Approximate with a constant value

When we do a regression with a decision tree like CART, as part of the learning bias is the fact that we choose to approximate values from a region with a single constant value. Basically what decision trees does in case of regression is to recursively split the p-dimensional space into regions. Than for each region it selects the corresponding instances and using the class variable values from subset, it calculates a constant value used later for prediction.

How CART and its friends works, regarding the splitting process is not the subject here. What I want to talk about is how to find a proper constant value for a region. To reformulate in simpler terms, I am interested in how to calculate a constant value usable for prediction, given a set of $y=(y_1,y_2,..y_n)$ variables. In order to obtain that we use a loss function. A loss function is a function which establish a certain criteria for choosing the proper constant values.

I was interested in to very often used loss functions: square loss and absolute loss.

Square loss

Square loss function is defined as $$f(y,c)=(y-c)^2=\sum_{i=1}^{n}(y_i-c)^2$$ and what we are searching for is the constant $c$ for which the value of loss function is minimal.: $$c = \underset{c}{\arg\min} \sum_{i=1}^n{(y_i-c)^2}$$ Here we find an simple way to calculate using the fact that the function is positive.
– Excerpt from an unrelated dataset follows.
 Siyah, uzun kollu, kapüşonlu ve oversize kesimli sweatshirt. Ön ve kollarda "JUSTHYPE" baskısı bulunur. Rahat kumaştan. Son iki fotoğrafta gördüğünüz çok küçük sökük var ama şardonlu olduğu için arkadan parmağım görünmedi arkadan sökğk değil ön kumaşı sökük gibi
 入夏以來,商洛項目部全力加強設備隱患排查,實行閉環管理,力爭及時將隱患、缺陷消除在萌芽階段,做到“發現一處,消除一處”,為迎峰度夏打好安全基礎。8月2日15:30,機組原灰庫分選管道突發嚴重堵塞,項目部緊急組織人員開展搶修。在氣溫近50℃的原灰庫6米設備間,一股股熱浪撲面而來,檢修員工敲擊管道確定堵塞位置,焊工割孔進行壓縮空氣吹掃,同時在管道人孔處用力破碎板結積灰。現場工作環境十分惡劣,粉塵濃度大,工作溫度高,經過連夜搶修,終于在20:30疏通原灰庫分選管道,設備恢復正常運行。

Based on that we know that the function has a minimum and that minimum is given by derivative equals 0. $$\frac{\partial}{\partial{c}}[\sum_{i=1}^{n}{(y_i-c)^2}]=0$$ We calculate $$\frac{\partial}{\partial{c}}[\sum_{i=1}^{n}{(y_i-c)^2}] = \sum_{i=1}^{n}{\frac{\partial}{\partial{c}}{[(y_i-c)^2]}} = \sum_{i=1}^{n}{2(y_i-c)\frac{\partial}{\partial{c}}(y_i-c)} = \sum_{i=1}^{n}{-2(y_i-c)} = 0$$ $$\sum_{i=1}^{n}{y_i} = \sum_{i=1}^{n}{c} = nc$$ $$c = \frac{\sum_{i=1}^{n}{y_i}}{n} = \overline{y}$$

Absolute loss

Absolute loss function is defined as $$f(y,c)=|y-c|=\sum_{i=1}^{n}|y_i-c|$$ . Again, what we are searching for is the constant $c$ for which the value of loss function is minimal.: $$c = \underset{c}{\arg\min} \sum_{i=1}^n{|y_i-c|}$$ We know that function is positive so we know also that is has a minimum somewhere. This time we can't use derivation. I read somewhere that c is the median, and that is statistically correct. I do not know what is the meaning of statistically correct, and that sounds fuzzy to my. After few tries I saw a way to proof that. I hope some day I will learn about a shorter proof.
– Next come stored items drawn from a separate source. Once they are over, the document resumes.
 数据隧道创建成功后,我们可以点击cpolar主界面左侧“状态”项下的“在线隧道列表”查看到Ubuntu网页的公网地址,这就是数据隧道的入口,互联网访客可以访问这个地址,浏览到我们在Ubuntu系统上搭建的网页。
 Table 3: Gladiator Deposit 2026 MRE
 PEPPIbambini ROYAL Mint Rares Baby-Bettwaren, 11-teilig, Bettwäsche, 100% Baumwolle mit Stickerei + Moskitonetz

We consider without loose of generality that $y$ variables are sorted ($y_1 \leq y_2 \leq ... \leq y_n$). We are interested first to see what happens when $c < y_1$. We calculate $$\underset{c<{y_1}}{f(y,c)}=\sum_{i=1}^{n}{|y_i-c|}=\sum_{i=1}^{n}{|y_i+c+y_1-y_1|}=\sum_{i=1}^{n}{|y_1+c+y_i-y_1|}=\sum_{i=1}^{n}{|y_1+c|}+\sum_{i=1}^{n}{|y_i-y_1|} \geq \sum_{i=1}^{n}{|y_i-y_1|}=\underset{c={y_1}}{f(y,c)}$$ So $$\underset{c<{y_1}}{f(y,c)} \geq \underset{c={y_1}}{f(y,c)}$$ In a similar manner we show also that $$\underset{c>{y_n}}{f(y,c)} \geq \underset{c={y_n}}{f(y,c)}$$ What we found is that to minimize loss absolute loss, $c$ must lie between $y_1$ and $y_n$ inclusive. Next we note that, when $c$ is in this interval, the distance to both ends is constant $$|y_1-c|+|y_n-c|=|y_n-y_1|$$ We simply do not consider anymore those two points ($y_1,y_n$), we reduce our interest on interval $y_2,y_{n-1}$ and apply recursively the same process.

Finally we will find either a point in the middle, or an interval with no other $y$ values included. If we found a point than this is our solution. If we found an interval, any point from that interval is a possible solution. We note that the definition of the median fits those conditions and is a solution which minimize absolute loss function.